_SUPPLIED DATA_.
'''

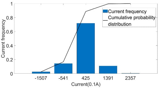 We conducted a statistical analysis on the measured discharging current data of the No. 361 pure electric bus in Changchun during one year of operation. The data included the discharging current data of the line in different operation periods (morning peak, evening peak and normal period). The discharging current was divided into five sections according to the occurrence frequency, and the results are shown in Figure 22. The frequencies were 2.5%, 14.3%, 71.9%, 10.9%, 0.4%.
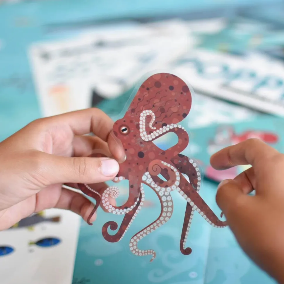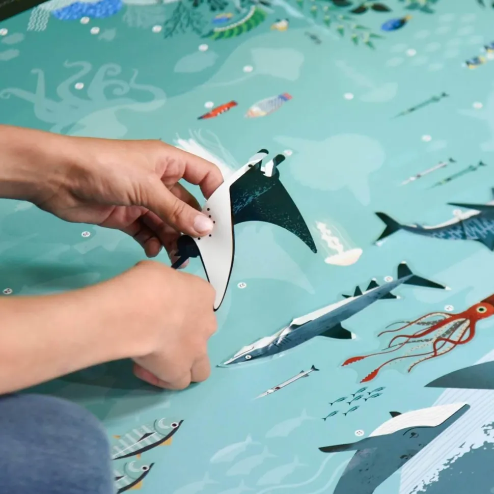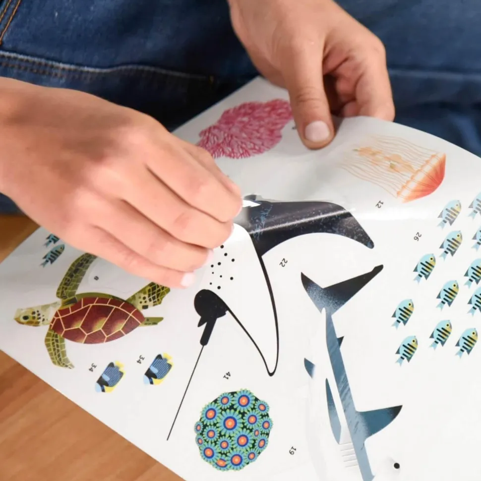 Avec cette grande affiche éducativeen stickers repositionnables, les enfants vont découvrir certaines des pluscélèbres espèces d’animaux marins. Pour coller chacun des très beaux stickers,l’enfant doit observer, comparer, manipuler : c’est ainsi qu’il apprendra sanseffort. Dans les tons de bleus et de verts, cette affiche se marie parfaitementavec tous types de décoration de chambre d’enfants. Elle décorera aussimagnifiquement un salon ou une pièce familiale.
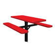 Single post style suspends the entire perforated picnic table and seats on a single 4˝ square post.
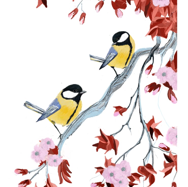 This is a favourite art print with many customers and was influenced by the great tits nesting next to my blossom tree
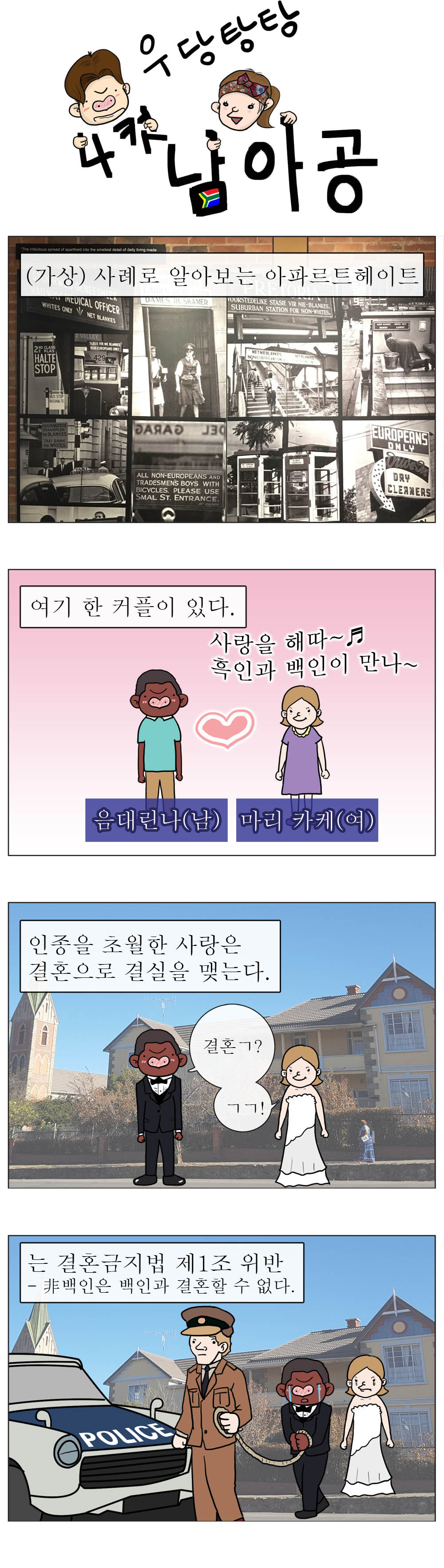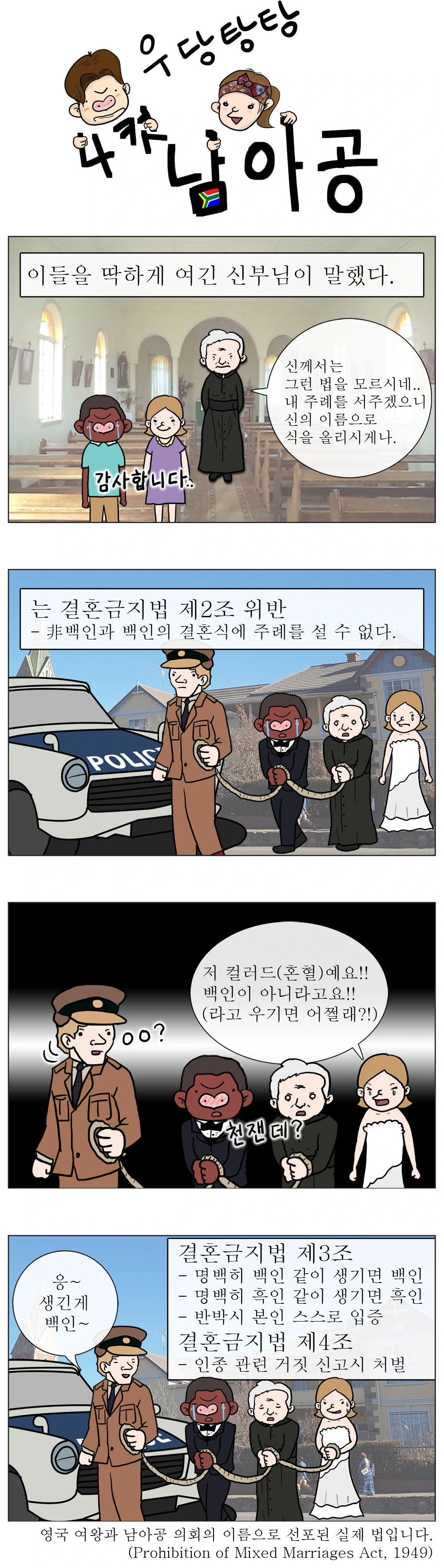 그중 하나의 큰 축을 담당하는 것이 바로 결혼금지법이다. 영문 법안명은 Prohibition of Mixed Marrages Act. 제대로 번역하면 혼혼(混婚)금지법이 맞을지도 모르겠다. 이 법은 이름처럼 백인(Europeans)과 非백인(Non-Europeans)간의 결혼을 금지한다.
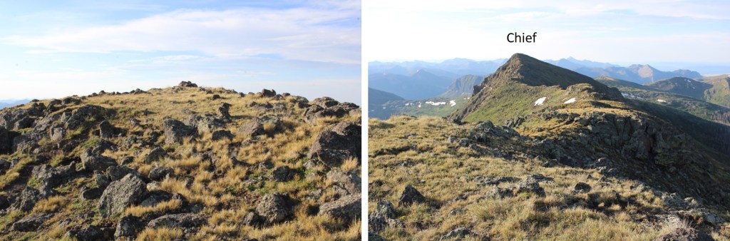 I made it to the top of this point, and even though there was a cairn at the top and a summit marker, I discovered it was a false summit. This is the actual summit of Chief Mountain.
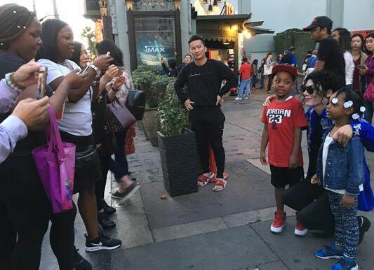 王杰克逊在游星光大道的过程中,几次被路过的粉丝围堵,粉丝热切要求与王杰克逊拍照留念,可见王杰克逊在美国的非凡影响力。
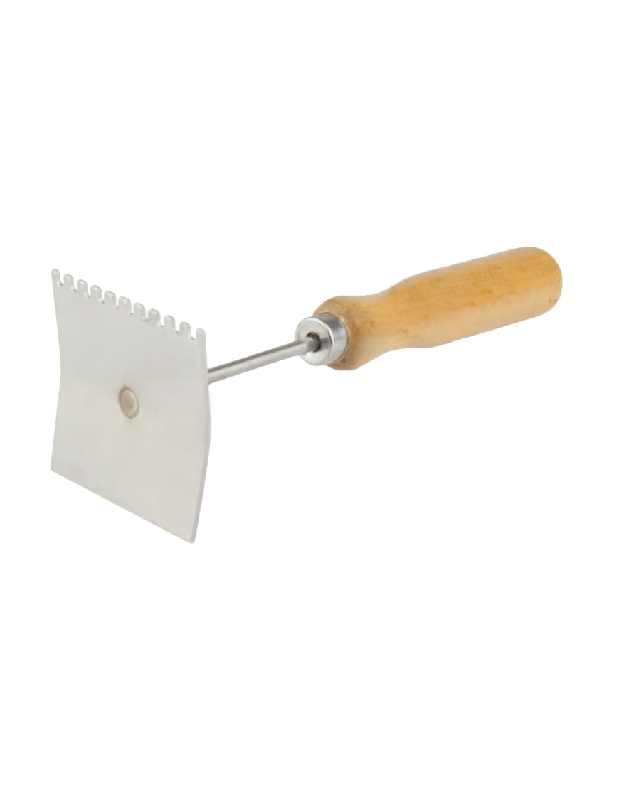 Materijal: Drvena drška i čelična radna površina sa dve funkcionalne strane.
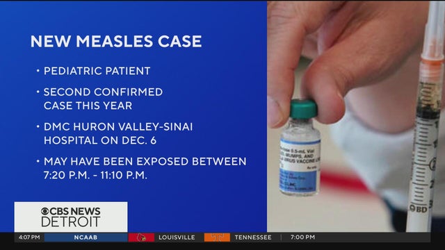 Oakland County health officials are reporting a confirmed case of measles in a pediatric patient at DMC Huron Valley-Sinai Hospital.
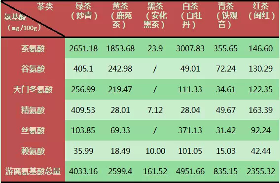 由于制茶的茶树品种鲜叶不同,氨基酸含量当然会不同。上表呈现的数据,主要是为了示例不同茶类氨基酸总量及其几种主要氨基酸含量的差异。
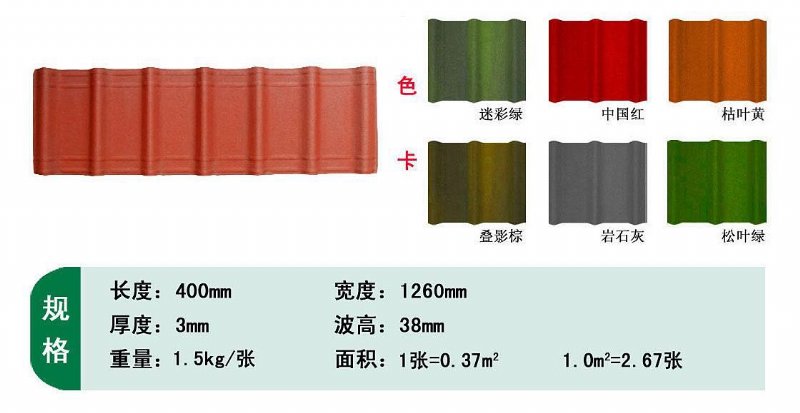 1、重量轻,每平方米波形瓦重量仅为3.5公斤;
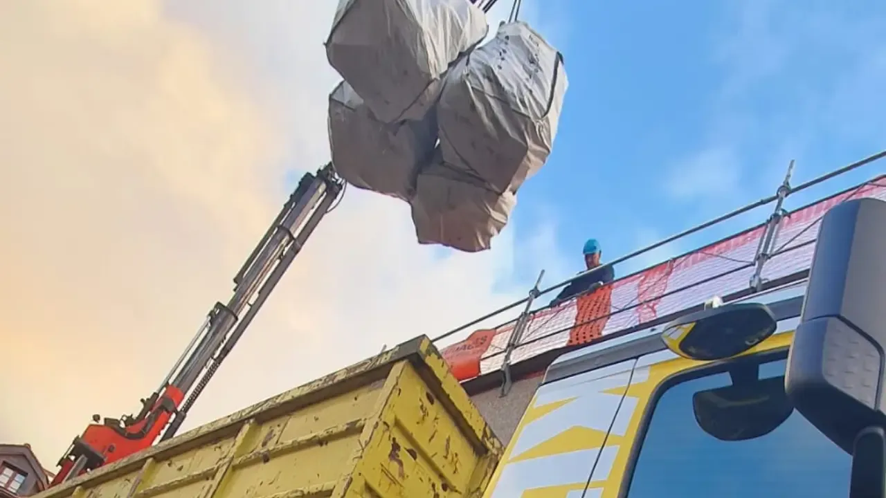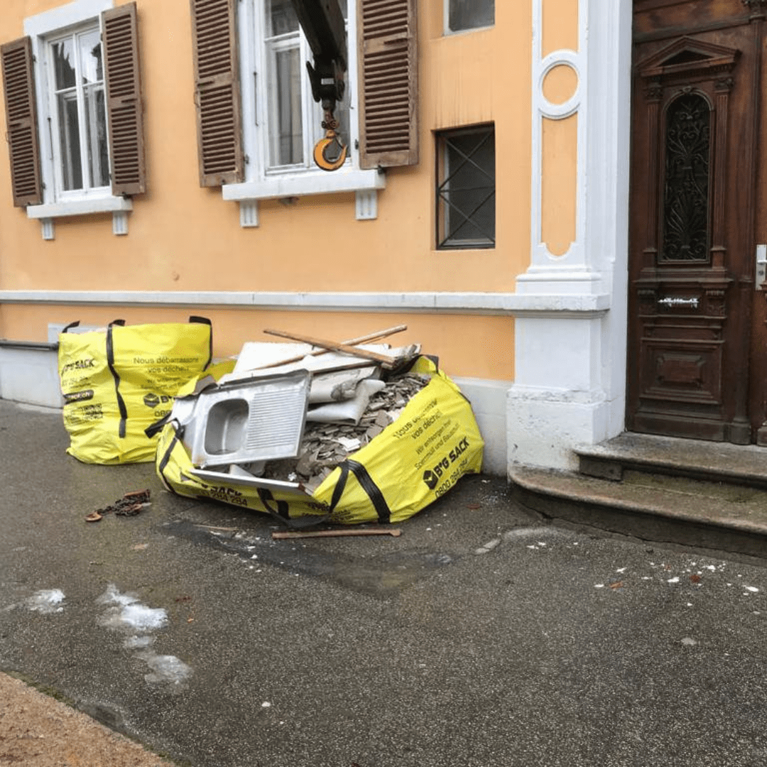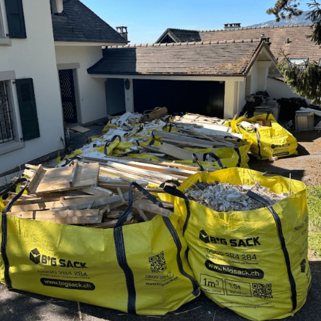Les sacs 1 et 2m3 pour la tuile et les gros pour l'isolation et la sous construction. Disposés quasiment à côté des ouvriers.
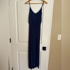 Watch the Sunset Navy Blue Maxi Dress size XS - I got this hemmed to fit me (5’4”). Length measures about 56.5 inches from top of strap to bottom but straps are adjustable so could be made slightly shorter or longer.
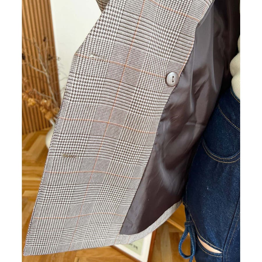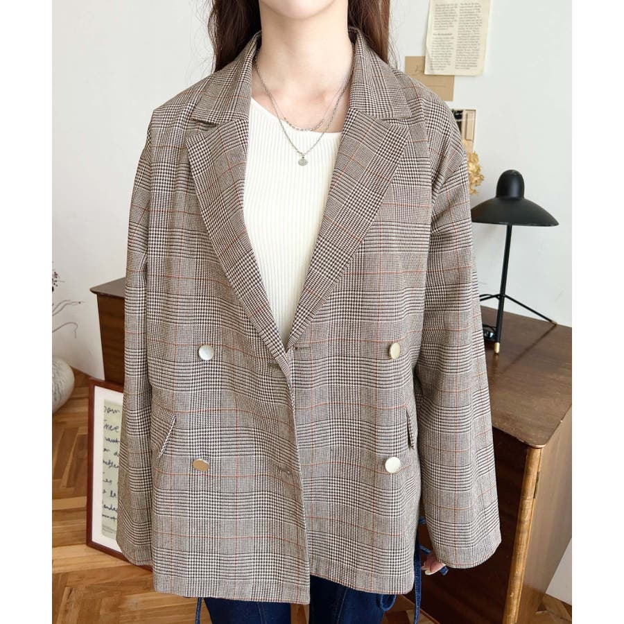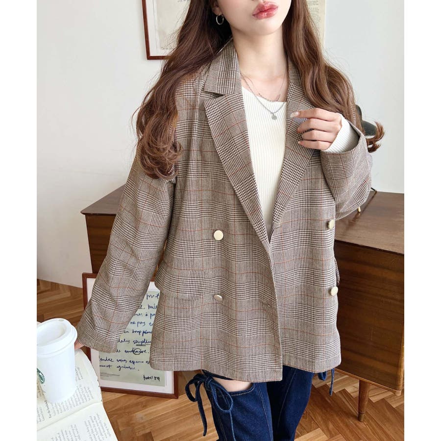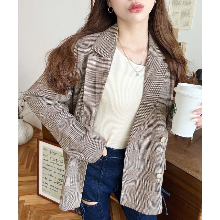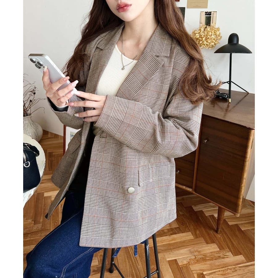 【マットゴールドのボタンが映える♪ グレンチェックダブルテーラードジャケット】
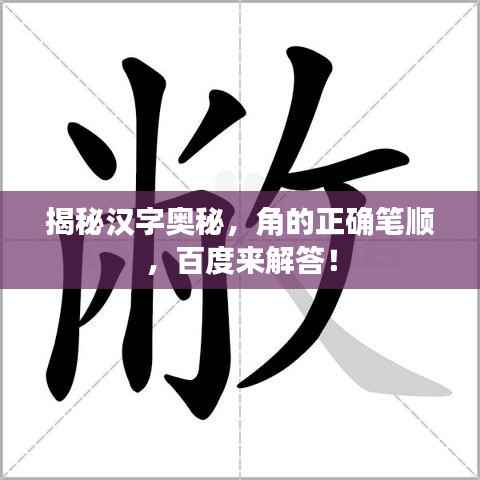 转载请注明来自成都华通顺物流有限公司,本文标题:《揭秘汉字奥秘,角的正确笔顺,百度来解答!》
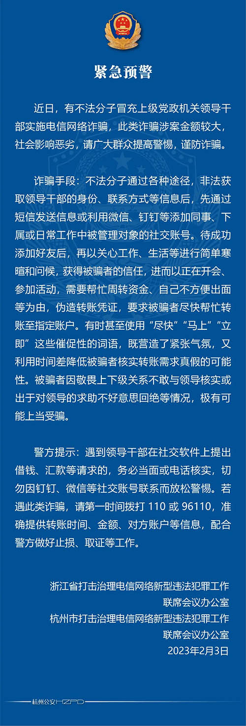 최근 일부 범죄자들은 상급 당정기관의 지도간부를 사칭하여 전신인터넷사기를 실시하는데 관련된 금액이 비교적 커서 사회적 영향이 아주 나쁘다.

'''

_GOAL OF THE EXERCISE_. Quote the lines above exactly, starting with the one that has "1、重量轻,每平方米波形瓦重量仅为3.5公斤;" and ending with the one that has "Les sacs 1 et"; drop the pictures and include nothing else.

_ANSWER_.
 1、重量轻,每平方米波形瓦重量仅为3.5公斤;
Les sacs 1 et 2m3 pour la tuile et les gros pour l'isolation et la sous construction. Disposés quasiment à côté des ouvriers.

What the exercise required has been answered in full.